Если наркоман сам идет лечиться — для него это всегда акт надежды. Для Никеши это был снова акт отчаяния.

Но теперь ему ничего не оставалось, кроме как признать наличие за происходящим некой индивидуальной воли. Столь последовательное нарушение объективных законов можно было объяснить лишь субъективным произволом. В поисках этого субъекта Никеша и пришел к Кармину, вроде бы имевшему готовый ответ.

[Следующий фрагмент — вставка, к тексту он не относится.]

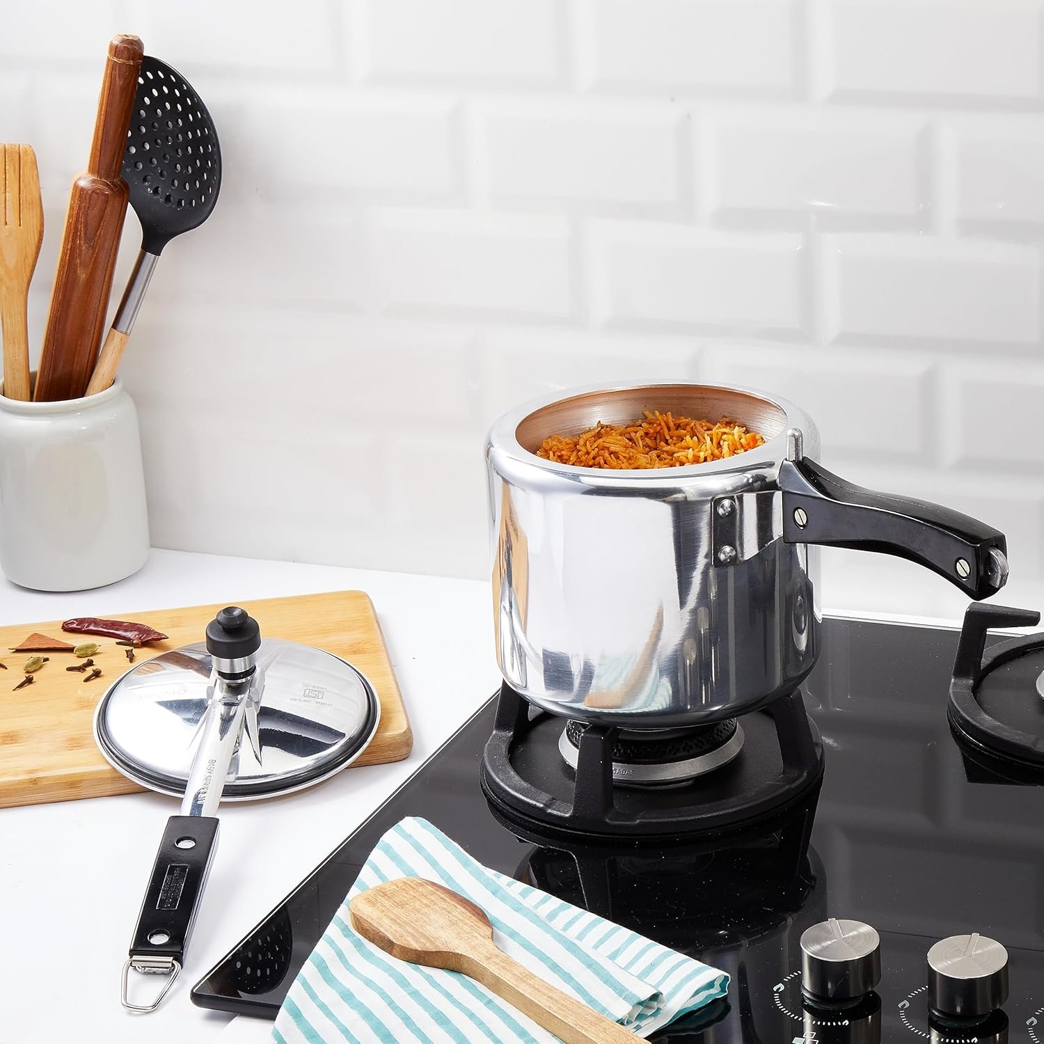 Superior wall and base thickness: Wall thickness – 1.73 mm, base thickness – 3.60 mm; Optimised weight – 1.4 kg; Material: Aluminium; Package contents: 1 pressure cooker (3 litres)
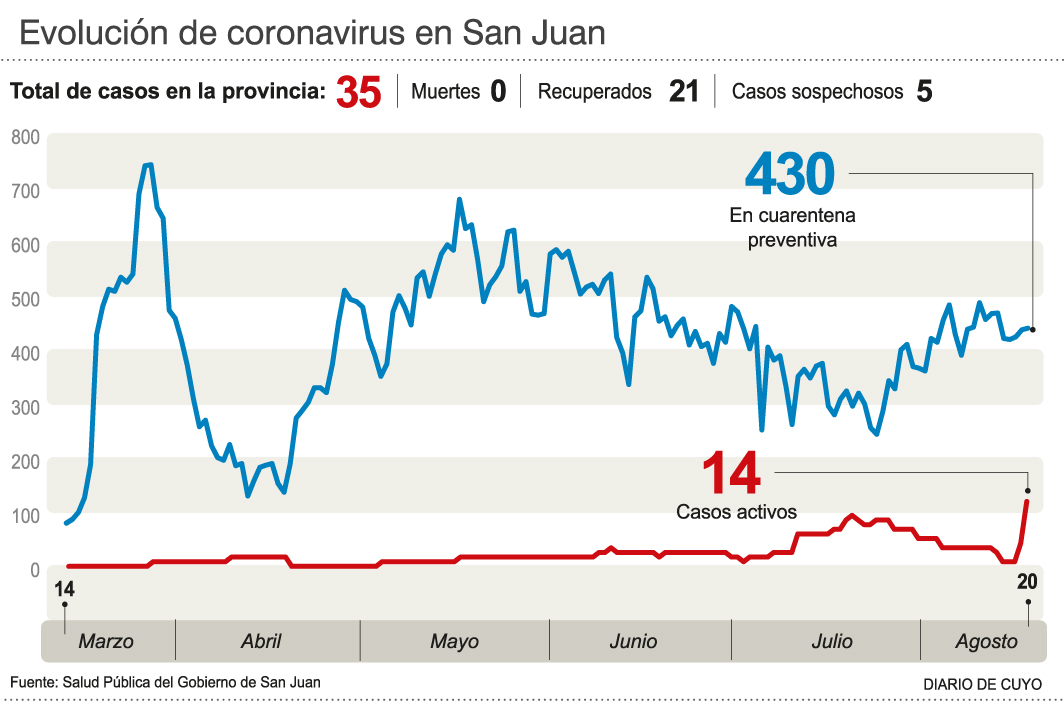 Así, San Juan tiene 35 casos de coronavirus, 14 de los cuales atraviesan proceso infeccioso. Entre estos últimos, hay cuatro internados y dos se encuentran en estado crítico (un hombre de 74 y otro de 81 años).
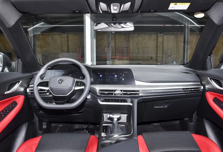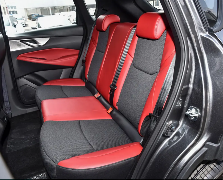 来到内饰,相比低配版本,中配版本配置更多,外部也有细微调整,比如增加一些黑化套件,增加黑色行李架和黑色后视镜,以及电动天窗,包括轮毂也会大一号。入门级没有巡航功能,但中配就有定速巡航、胎压监测、电子驻车、上坡辅助等功能。这个价位的车型都用仿皮材质,质感还可以接受,包括内饰布局和设计都很运动,细节上也有红色元素加持,进一步增强内饰的运动属性。并保留有实体按键和电子档把,多功能方向盘也有,10.25英寸双联屏搭载in Call系统,也能支持4G模块和Carlink,部分功能也可以通过语音唤醒设置。
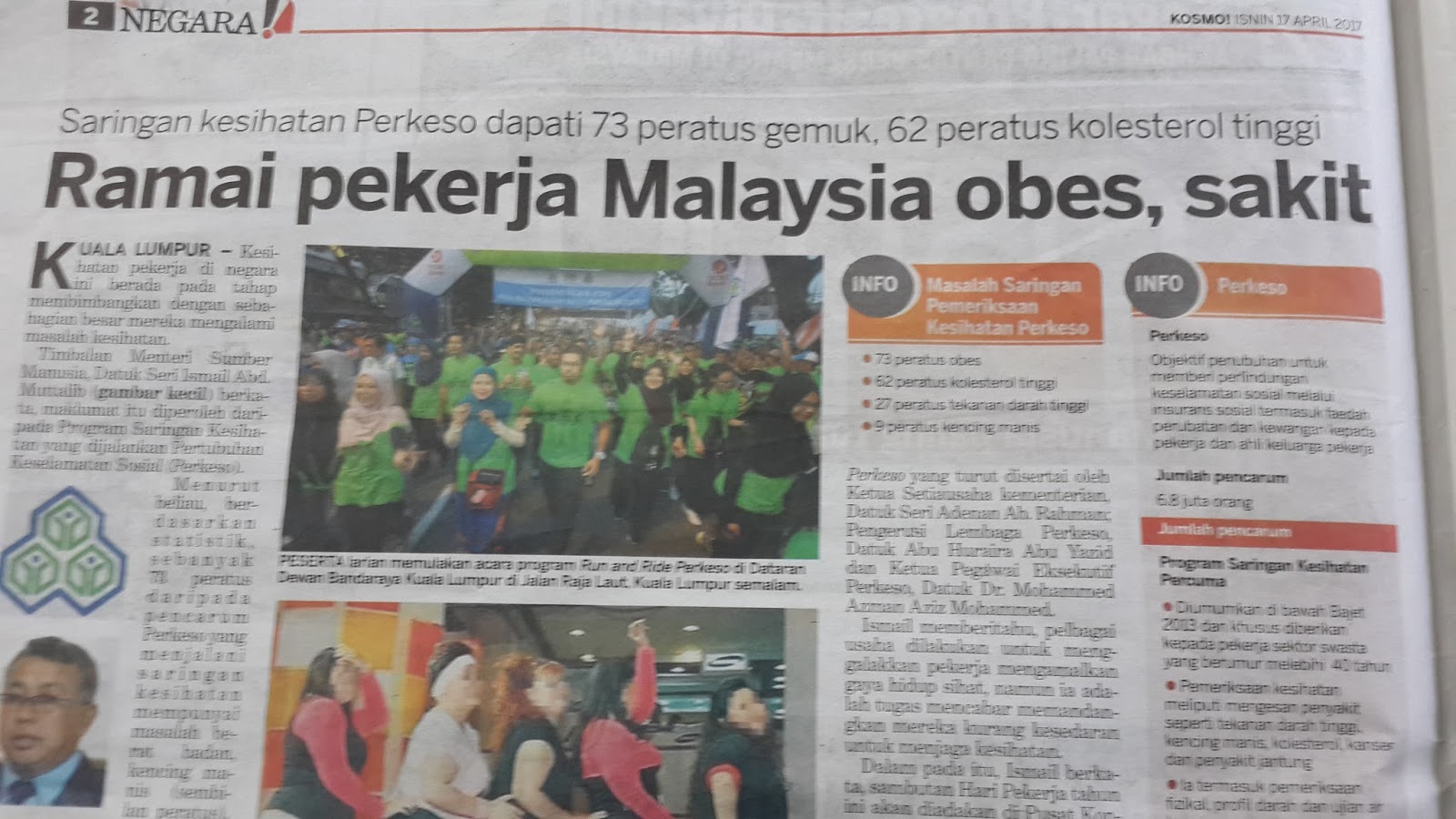 INFO DARI AKHBAR KOSMO HARI INI (17 APRIL 2017)
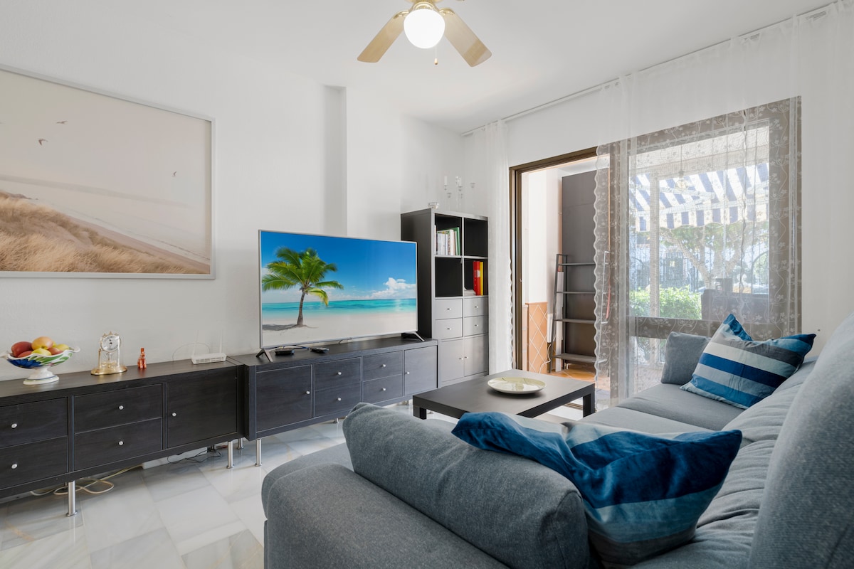 The sleeping area consists of 2 bedrooms with 1 double bed and 2 single beds, can accommodate up to 4 people. The outdoor space consists of the garden and enriched by outdoor dining area and solarium. Libra sunny apartment in Mijas - Ref 18 also offers: television. Baby Package €39: including cot and high chair, on request and subject to availability.. Check-in: Arrivals before 4pm and departure after 10am can be requested to our customer service and are subjected to availability.The courtesy set is provided only for the beginning and not for the entire stay.
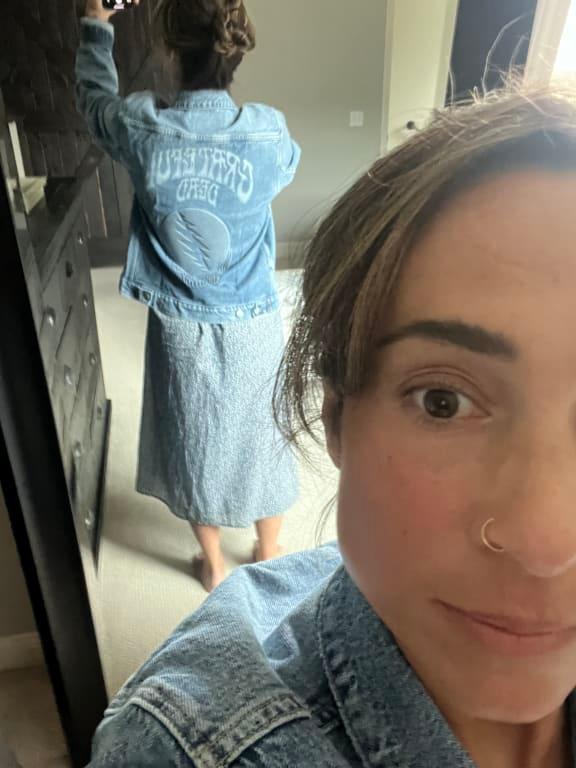 This denim jacket is the BEST! I cannot wait for the weather to cool off so I can wear it! I sized up one size so I can wear a hoodie under it.
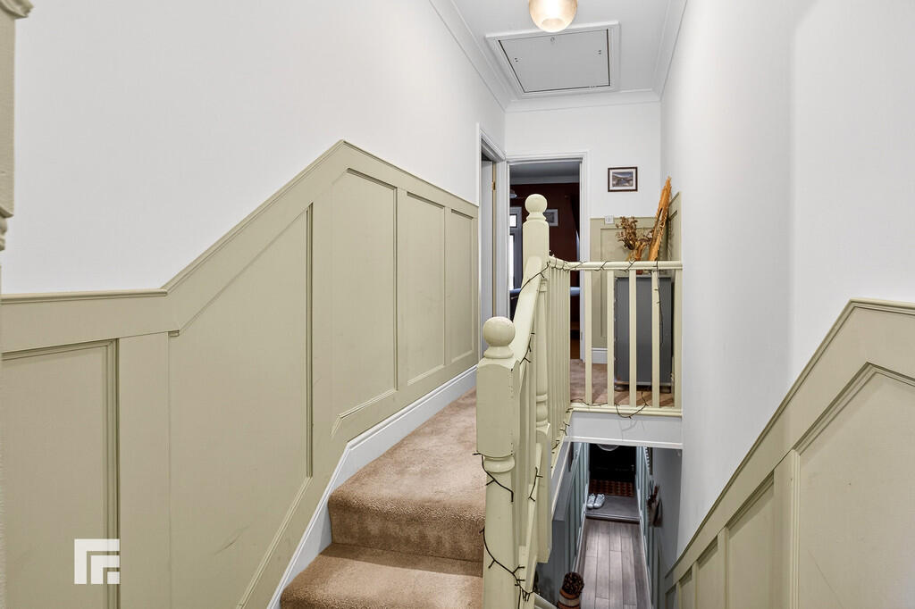 FIRSTFLOOR Split level landing. Pendant light fittings. Loft hatch (loft has been boarded and insulated). Carpet to floor. Doors to three bedrooms and bathroom.
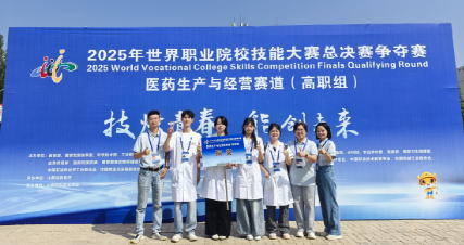 药学代表队在技术实操中精准把控每一个技能细节,将人文关怀融入药学服务全环节,凭借稳定发挥和出色表现,斩获医药生产与经营赛道铜奖。
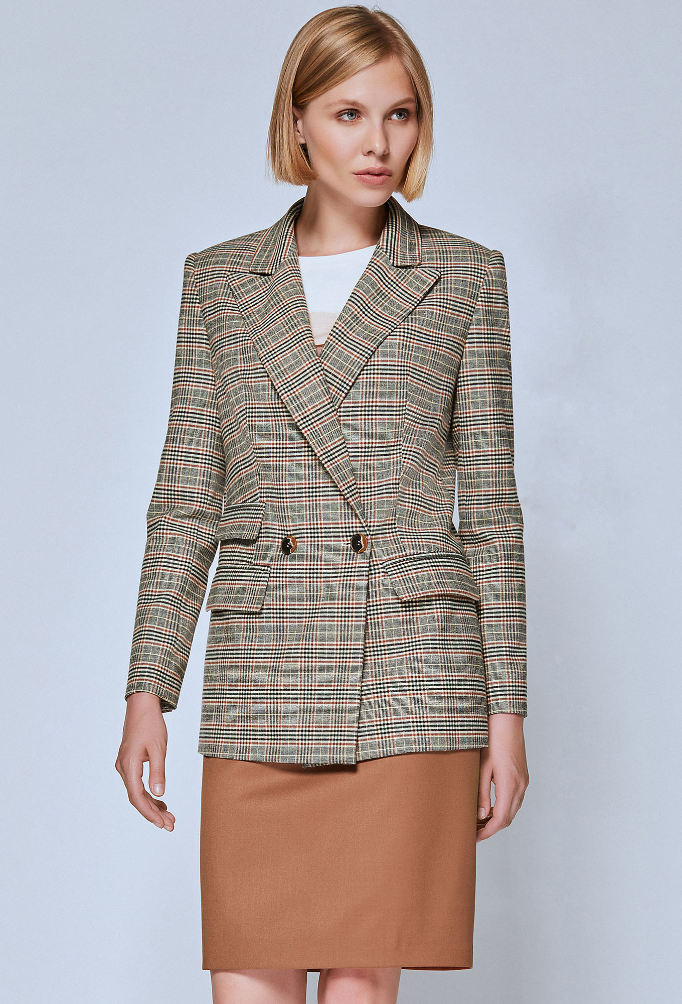 - комфортный двубортный жакет с застежкой на петли и пуговицы, перед с двумя горизонтальными карманами с рамками и клапанами и одним карманом-обманкой и рамками и клапаном, рукава втачные одношовные, воротник отложной с лацканами, на подкладке.

Илья искренне пытался ему помочь, хотя с самого начала догадывался, что дело тухлое — Никеша искал в вере логику, что бессмысленно по определению. Он явился не с той стороны: не по внутренней потребности, а по внешней необходимости. Неудивительно, что ушел он ни с чем.

И тогда он попытался выявить наличие высшей силы экспериментальным путем. Связался с разнообразными безбашенными экстремалами. Полез на скалы, отправился в горы… Во время ПЕРВОЙ ЖЕ попытки пройти более или менее серьезный маршрут на Кавказе, он с компанией попал под лавину. Причем группа состояла далеко не из чайников, а место выглядело достаточно безопасным. Из шестерых накрыло двоих. Из этих двоих одного, Никешу, откопали живым, второго, некоего Богдана, задохнувшимся.

Больше он таких экспериментов не ставил. Хотя так он ни черта и не понял — ни чего от него хочет разумная инстанция, если таковая стоит за всем, ни как существовать, если нет и не было никакой инстанции, а просто мир хаотичен и неподвластен настолько, что ждать от него можно абсолютно всего (а не зависит это ни от чего)…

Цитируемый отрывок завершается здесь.